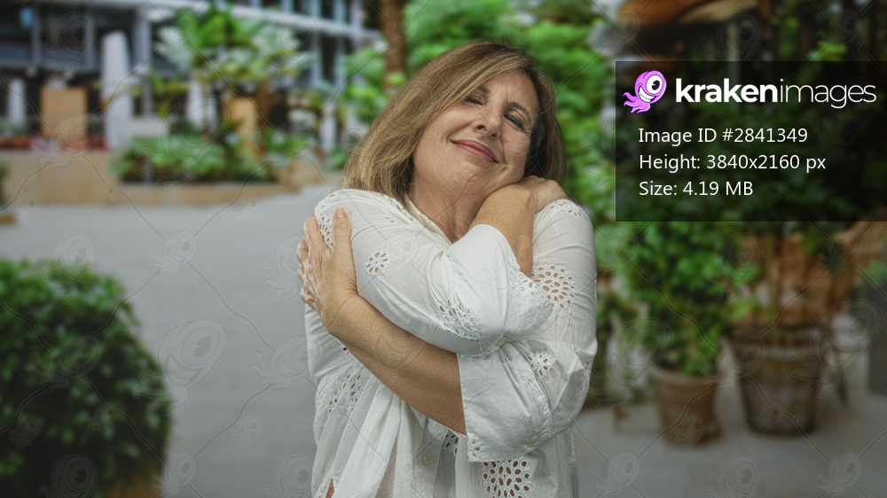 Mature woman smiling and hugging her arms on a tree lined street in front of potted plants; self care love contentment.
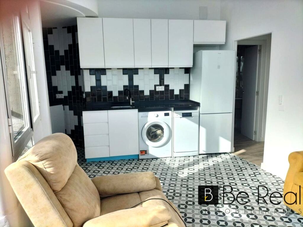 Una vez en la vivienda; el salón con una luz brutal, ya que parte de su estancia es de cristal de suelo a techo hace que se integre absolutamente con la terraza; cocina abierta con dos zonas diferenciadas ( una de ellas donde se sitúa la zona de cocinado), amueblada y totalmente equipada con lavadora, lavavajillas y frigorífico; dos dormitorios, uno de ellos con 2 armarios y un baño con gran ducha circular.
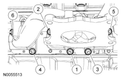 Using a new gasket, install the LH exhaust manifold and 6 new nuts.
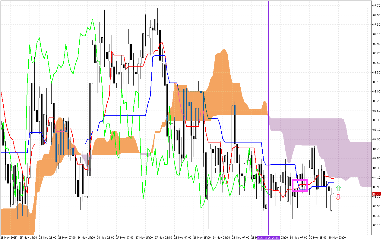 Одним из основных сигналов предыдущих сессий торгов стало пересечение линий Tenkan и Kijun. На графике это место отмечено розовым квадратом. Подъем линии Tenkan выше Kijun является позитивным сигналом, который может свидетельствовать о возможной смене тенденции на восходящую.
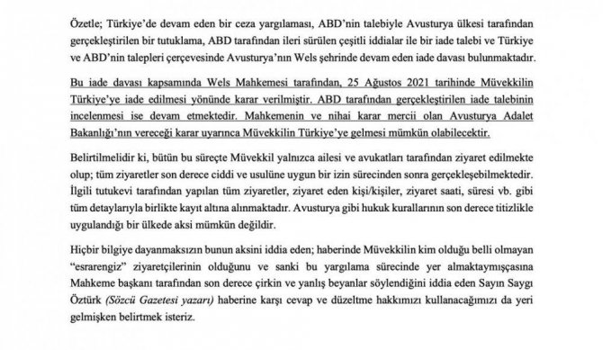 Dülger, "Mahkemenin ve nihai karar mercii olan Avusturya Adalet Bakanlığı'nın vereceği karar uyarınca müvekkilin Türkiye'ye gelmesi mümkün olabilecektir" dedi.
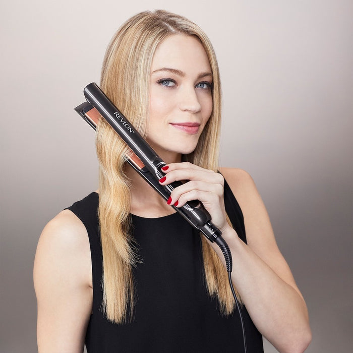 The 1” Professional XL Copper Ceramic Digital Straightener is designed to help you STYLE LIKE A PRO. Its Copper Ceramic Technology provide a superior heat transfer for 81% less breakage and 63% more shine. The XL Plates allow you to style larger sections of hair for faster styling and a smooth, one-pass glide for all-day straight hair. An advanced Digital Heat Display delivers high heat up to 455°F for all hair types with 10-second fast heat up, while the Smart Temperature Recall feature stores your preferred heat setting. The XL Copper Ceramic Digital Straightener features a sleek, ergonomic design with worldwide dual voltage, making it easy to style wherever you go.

::::

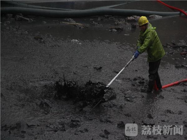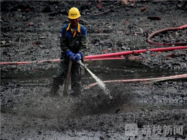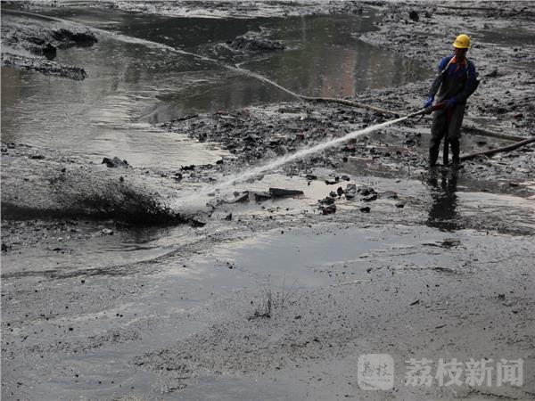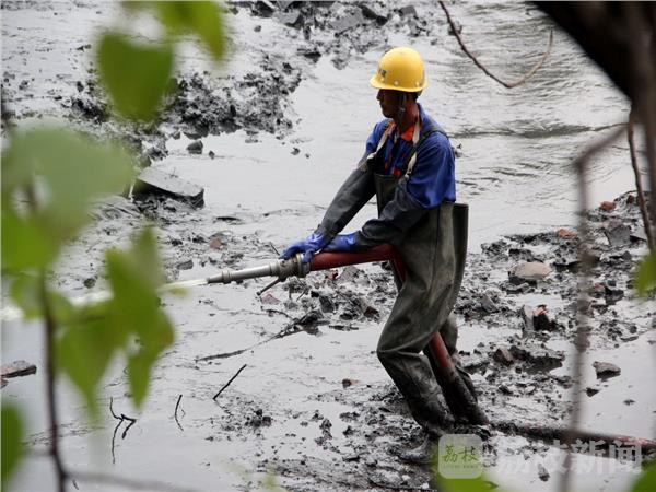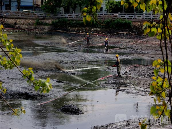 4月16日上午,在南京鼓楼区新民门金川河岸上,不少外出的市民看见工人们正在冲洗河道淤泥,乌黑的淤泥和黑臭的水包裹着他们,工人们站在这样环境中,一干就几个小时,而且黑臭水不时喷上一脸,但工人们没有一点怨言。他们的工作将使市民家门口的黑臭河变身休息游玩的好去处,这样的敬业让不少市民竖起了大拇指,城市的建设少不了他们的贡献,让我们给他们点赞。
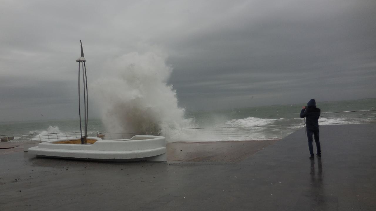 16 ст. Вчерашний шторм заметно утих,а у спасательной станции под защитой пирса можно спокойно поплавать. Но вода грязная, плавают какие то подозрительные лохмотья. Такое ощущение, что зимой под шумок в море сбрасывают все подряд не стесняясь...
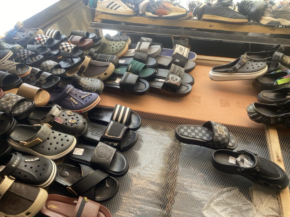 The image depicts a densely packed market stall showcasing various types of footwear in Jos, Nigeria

::::

*Assignment*. Exact copy, no pictures. Write out the lines in the entries above, starting with the line with "ve nihai karar" and going on through the line with "wherever you go.", keeping both.

*Solution for this problem*.
 Dülger, "Mahkemenin ve nihai karar mercii olan Avusturya Adalet Bakanlığı'nın vereceği karar uyarınca müvekkilin Türkiye'ye gelmesi mümkün olabilecektir" dedi.
 The 1” Professional XL Copper Ceramic Digital Straightener is designed to help you STYLE LIKE A PRO. Its Copper Ceramic Technology provide a superior heat transfer for 81% less breakage and 63% more shine. The XL Plates allow you to style larger sections of hair for faster styling and a smooth, one-pass glide for all-day straight hair. An advanced Digital Heat Display delivers high heat up to 455°F for all hair types with 10-second fast heat up, while the Smart Temperature Recall feature stores your preferred heat setting. The XL Copper Ceramic Digital Straightener features a sleek, ergonomic design with worldwide dual voltage, making it easy to style wherever you go.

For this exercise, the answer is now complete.